Applebee’s Oriental Chicken Salad with Oriental Vinaigrette
1,430 calories

This salad starts out with a bed of “Fresh Asian greens,” according to the menu. Unfortunately, these greens serve as a bed for deep-fried chicken tenders and carbohydrate-heavy crispy noodles. Without dressing, this dish rings in at 840 calories—already more than in an Applebee’s hamburger. But factor in the super-heavy dressing and you’re adding another 590 calories to the mix. To put that in perspective, a lunch sandwich shouldn’t pack more than 500 calories, tops. At Applebee’s, the only salad that won’t sink your entire meal is the Paradise Chicken Salad, which cuts back on calories by using grilled chicken instead of fried and actual produce instead of noodles. (Note: Applebee's refuses to disclose their nutrition information, so you just might be consuming days' worth of sodium as well!)

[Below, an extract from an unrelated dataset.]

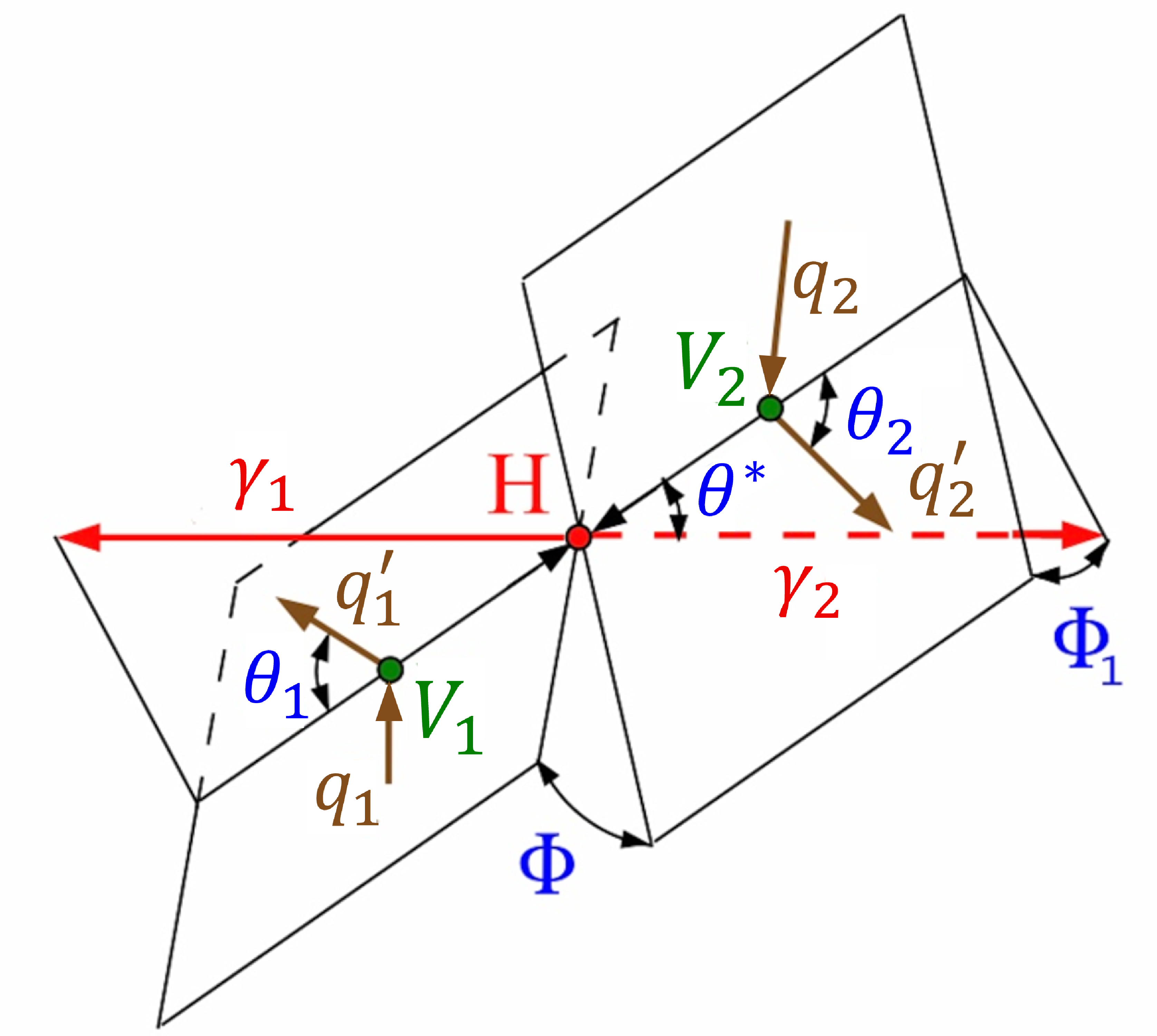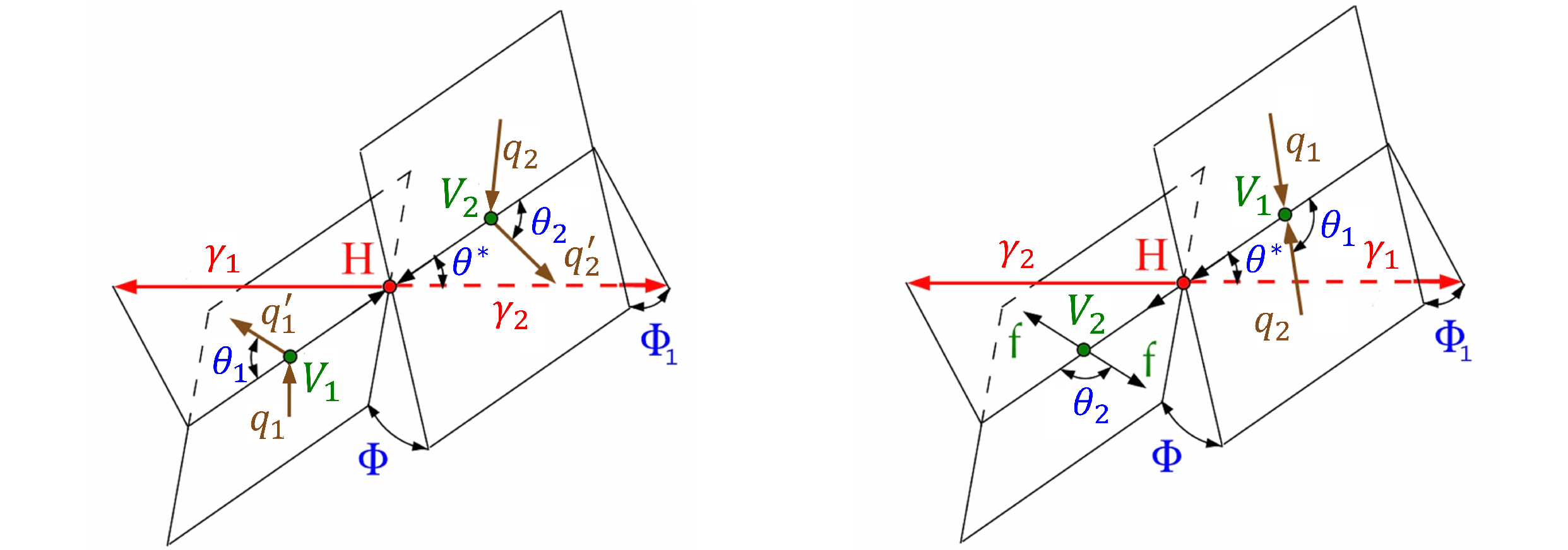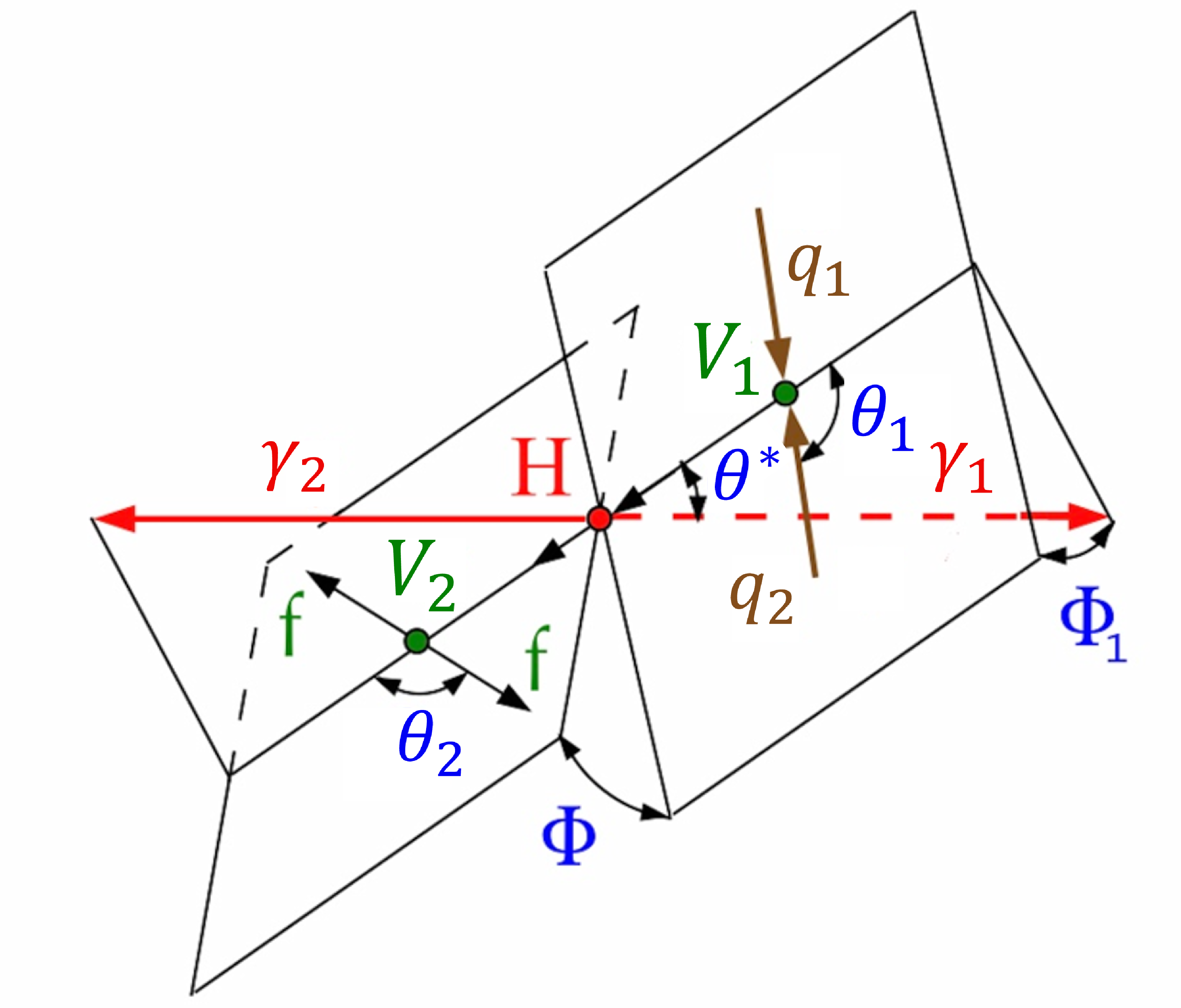 Topologies of the H production and decay, useful for the measurement of $ \mathrm{H}\mathrm{V}\mathrm{V} $ couplings: EW vector boson fusion $ q_1 q_2\to \mathrm{V}_1\mathrm{V}_2 + q_1^{'}q_2^{'} \to \mathrm{H} + q_1^{'}q_2^{'} \to \gamma_1\gamma_2 + q_1^{'}q_2^{'} $ (left); associated production $ q_1 q_2\to \mathrm{V}_1 \to \mathrm{V}_2\mathrm{H} \to \gamma_1\gamma_2 +\mathrm{ff} $ (right). The figure on the left is also valid to describe gluon fusion events in association with two jets, useful for the measurement of $ \mathrm{H}\mathrm{g}\mathrm{g} $ couplings, when $ \mathrm{V} = \mathrm{g} $. The incoming partons are shown in brown and the intermediate or final-state particles are shown in red and green. The angles characterizing kinematic distributions are shown in blue and are defined in the respective rest frames [39,44,47]. |

Cheesecake Factory Caesar Salad with Chicken
1,513 calories
16 g saturated fat
1,481 mg sodium
23 g carbohydrates

The top three words you never want to see sharing a space with “salad” on a menu: tuna, taco, and yes, the mighty Caesar. Consider that tangle of romaine a hapless vehicle for the troubling trinity of croutons, Parmesan cheese, and viscous Caesar dressing. This Cheesecake Factory version is the worst; the elephantine portion yields a salad with more calories than 10 Twinkies! If you’re looking for a salad meal at Cheesecake Factory, choose from the Weight Management varieties—every other salad tops 500 calories.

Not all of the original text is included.